The flood is merely Act One. Read on: This God first "hardens the
heart of Pharaoh" to make sure the Egyptian ruler will not be moved
by the plea of Moses to let his people go. Then because Pharaoh's
heart is hardened, God turns the Nile into blood so people cannot
drink its water and will suffer from thirst. Not satisfied with the
results, God sends swarms of locusts and flies to torture them;
rains hail and fire and thunder on them destroys the trees and
plants of the field until nothing green remains; orders every
first-born child to be slaughtered, from the first-born of Pharaoh
right on down to "the first-born of the maidservant behind the
mill." An equal-murderous God, you might say. The massacre continues
until "there is not a house where one was not dead." While the
Egyptian families mourn their dead, God orders Moses to loot from
their houses all their gold and silver and clothing. Finally, God's
thirst for blood is satisfied, God pauses to rest - and boasts: "I
have made sport of the Egyptians."
Violence: the sport of God. God, the progenitor of shock and awe.

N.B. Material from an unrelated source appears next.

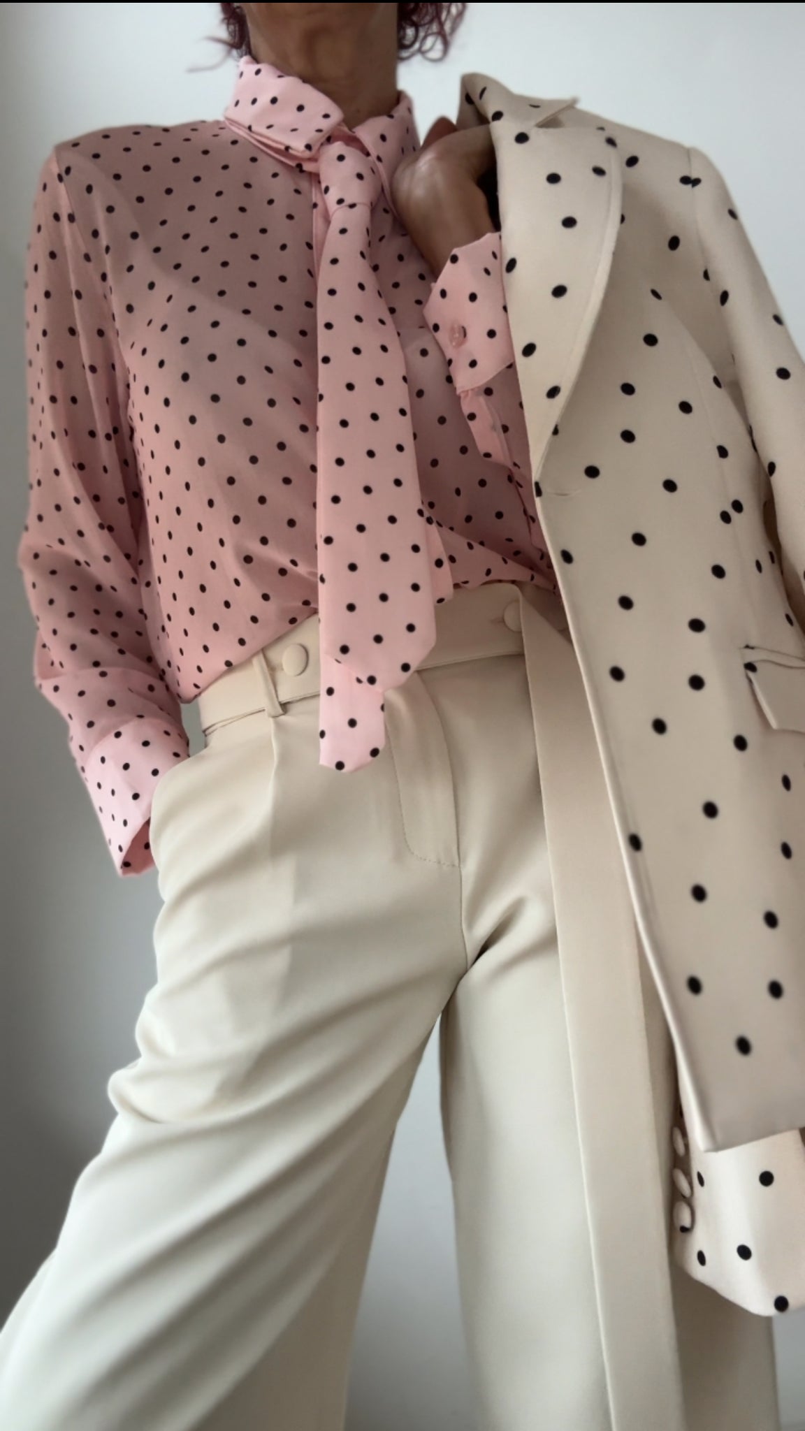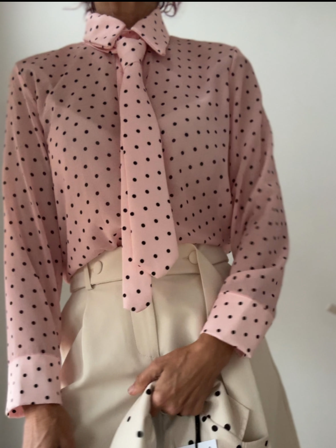 Camisa en tejido de gasa semitransparente en tono rosa bebé con lunar en negro

And that's just Act II. As the story unfolds women and children
are hacked to death on God's order; unborn infants are ripped from
their mother's wombs; cities are leveled - their women killed if
they have had sex, the virgins taken at God's command for the
pleasure of his holy warriors. When his holy warriors spare the
lives of 50,000 captives God is furious and sends Moses back to
rebuke them and tell them to finish the job. One tribe after another
falls to God-ordered genocide: the Hittites, the Girgashites, the
Amorites, the Canaanites, the Perizzites, the Jebusites - names so
ancient they have disappeared into the mists as fathers and mothers
and brothers and sisters, grandparents and grandchildren, infants in
arms, shepherds, threshers, carpenters, merchants, housewives -
living human beings, flesh and blood: "And when the Lord your God
gives them over to you, and you defeat them; then you must utterly
destroy them; you shall make no covenant with them, and show no
mercy to them...(and) your eyes shall not pity them."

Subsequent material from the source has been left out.